Next Topic

Previous Topic

Book Contents

Methoden voor bijwerken van patches

De VSA geeft vijf methoden om Microsoft-patches op beheerde computers toe te passen:

  • Initiële update is een éénmalige verwerking van alle goedgekeurde Microsoft-patches die op basis van Patchbeleid op een behaarde computer van toepassing is. Initiële update negeert het beleid Herstartactie en herstart de beheerde computer zonder de gebruiker te waarschuwen, zo vaak als nodig totdat de coputer tot het laatste patch-niveau wordt gebracht. Initiële update moet alleen tijdens niet-werkuren worden uitgevoerd en wordt meestal tijdens een weekend op nieuw toegevoegde computers uitgevoerd.
  • Automatische update is de voorkeursmethodeom op een terugkerende basis beheerde computers bij te werken. Reageert op beide beleiden Patch-beleid en Herstartactie.
  • Patch-update - Als u Automatische update gebruikt, dan wordt Patch-update op een uitzonderingsbasis gebruikt om op meerdere computers individuele patches toe te passen of voor patches die origineel op bepaalde computers mislukten. Heft beide beleiden Patch-beleid en Herstartactie op.
  • Update computer - Als u Automatische update gebruikt, dan wordt Update computer op uitzonderingsbasis gebruikt om op individuele computers patches toe te passen. Heft beide beleiden Patch-beleid en Herstartactie op. Update computer wordt vaak gebruikt om een nieuwe patch te testen voordat het voor algemene vrijgave aan alle computers wordt goedgekeurd.
  • Inzet patch - U kunt ook een door de gebruiker gedefinieerde procedure gebruiken om met Agentprocedures > Inzet patch een Microsoft-patch te installeren.

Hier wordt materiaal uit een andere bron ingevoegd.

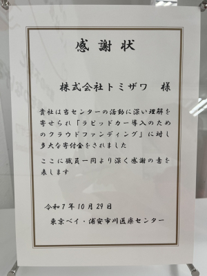 リユース事業を中心に、幅広く事業を展開するトミザワグループの企業として、オフィス家具や家電、ビジネスホンなどのリユース事業、トランクルーム事業やバイク駐車場事業まで幅広く展開する株式会社トミザワ(本社:東京都江戸川区、代表取締役社長:池島 隆)は、東京ベイ・浦安市川医療センターが実施する「ラピッドカー導入プロジェクト」に賛同し、地域医療のさらなる質向上に向けて支援を行いました。
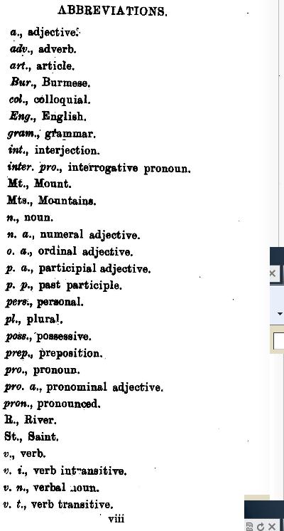 This fact is indicated here and there upon the following pages by the abbreviation "Bur". That however does not necessarily denote that the term to which it is attached, was derived from the Burmese. [UKT ¶]
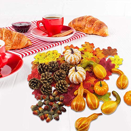 - El paquete incluye: 4 mini calabaza artificial, 100 hojas de arce, 48 bellotas, 6 calabazas, 8 conos.
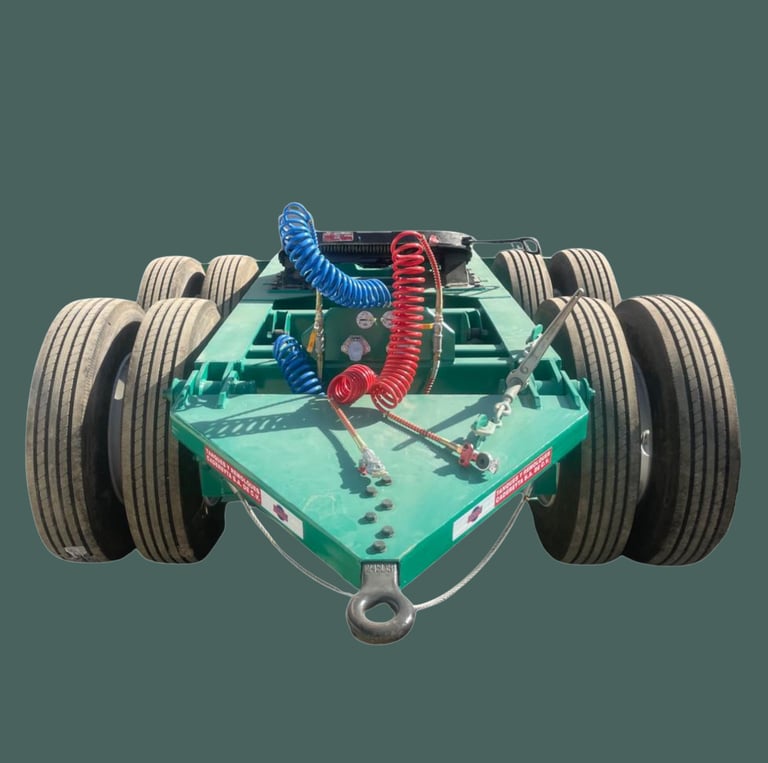 El dolly cuenta con una longitud aproximada de 3.40 metros y un ancho de 2.60 metros, ofreciendo una geometría adecuada para maniobrabilidad, estabilidad y correcta alineación entre remolques durante la operación.

Microsoft publiceert veel hot fixes als patches voor zeer specifiek zaken die niet zijn opgenomen in de Microsoft Update Catalog of in het Office Detection Tool, de twee patch-bronnen die de module Patch-beheer gebruikt om patch-updates te beheren. Patch-inzet  stelt de klant in staat om een procedure voor de installatie van patches te maken voor deze hot fixes, via deze wizard, die gebruikt kan worden om de installatie op elke gewenste computer te plannen.

Opmerking: U kunt non-Microsoft toepassingen installeren met Agentproceures > Inzet toepassing. Als een vooraf gedefinieerde installatie-oplossing niet kan worden gebruikt, gebruikt u Agentprocedures > Objectenbeheer om een zelfuitpakkend bestand te maken die klaar is voor automatische distributie.